Já sabemos como é a câmara de vácuo do ITER e qual a sua função, mas há algo que ainda não investigámos: quais os desafios que a sua montagem coloca. A enorme dimensão deste componente essencial do reator de fusão nuclear tornou necessária a sua fragmentação em nove sectores. A Europa é responsável pela fabricação de cinco deles e a Coreia do Sul é responsável pelos quatro restantes. Depois de terem sido meticulosamente fabricados no seu país de origem com tolerâncias extraordinariamente exigentes, devem ser enviados para Cadarache (França), sede do ITER, para serem montados.
O objetivo deste projeto é que finalmente os nove setores que compõem a câmara de vácuo se comportem do ponto de vista estrutural como uma peça única, uma vez concluída a montagem. E para conseguir isso, o processo de soldagem em cada setor tem necessariamente que ser extraordinariamente meticuloso porque estão envolvidos tolerâncias locais tão baixas quanto 0,1%. Além disso, a câmara de vácuo tem um formato bastante complicado e, para enrolar os cachos, utiliza folhas com espessuras de até 60 mm.
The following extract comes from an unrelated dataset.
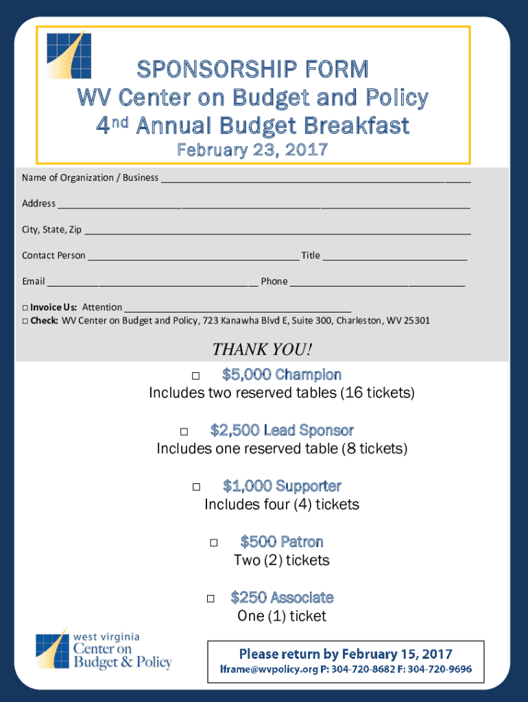 SPONSORSHIP FORM WV Center on Budget and Policy 4 ND Annual Budget Breakfast February 23, 2017, Four Points Sheraton, Charleston, WV Name of Organization / Business Address City, State, Zip Contact

As tolerâncias do ITER são muito exigentes, pelo que é necessário corrigir qualquer soldadura minimamente defeituosa.
Toda esta série de dificuldades fez com que os técnicos do ITER confiassem à empresa espanhola ENSA (Equipos Nucleares, SA) o desenvolvimento de uma tecnologia de soldadura robótica muito avançada que lhes permite realizar a soldadura dos setores das câmaras de vácuo com garantias. Além disso, os segmentos que compõem cada um dos setores estão sendo soldados com uma técnica muito avançada conhecida como soldagem por feixe de elétrons (soldagem por feixe de elétrons).
E finalmente chegamos ao papel da inteligência artificial neste projeto. Apesar das sofisticadas técnicas de soldagem utilizadas na fabricação dos setores e na montagem da câmara de vácuo, podem ocorrer erros. A maior parte deles são minúsculos, quase indetectáveis, mas, como vimos, as tolerâncias do ITER são muito exigentes, pelo que é necessário corrija quaisquer soldas minimamente defeituosas. Para enfrentar este desafio, María Ortiz de Zúñiga e Cristian Casanova decidiram lançar um projeto piloto que propunha o uso de IA para prever quais soldas em andamento apresentariam defeito.
Para treinar seu modelo de IA, eles decidiram utilizar os dados coletados anteriormente durante a execução de 2.662 soldas sem defeitos e outras 266 soldas com defeitos. O mais chocante, e isso é realmente incrível, é que o modelo de IA foi capaz de prever com 100% de precisão quantas das 100 soldas que estavam sendo realizadas naquele momento teriam defeito e quantas iriam cumprir escrupulosamente as especificações e tolerâncias predefinidas pelos responsáveis do ITER.
Como podemos imaginar, ter essas informações com antecedência é fundamental para que a execução final de todas as soldas seja ideal. A F4E está trabalhando novas aplicações de IA durante o desenvolvimento do ITER, mas, como acabámos de ver, esta tecnologia já está a fazer a diferença.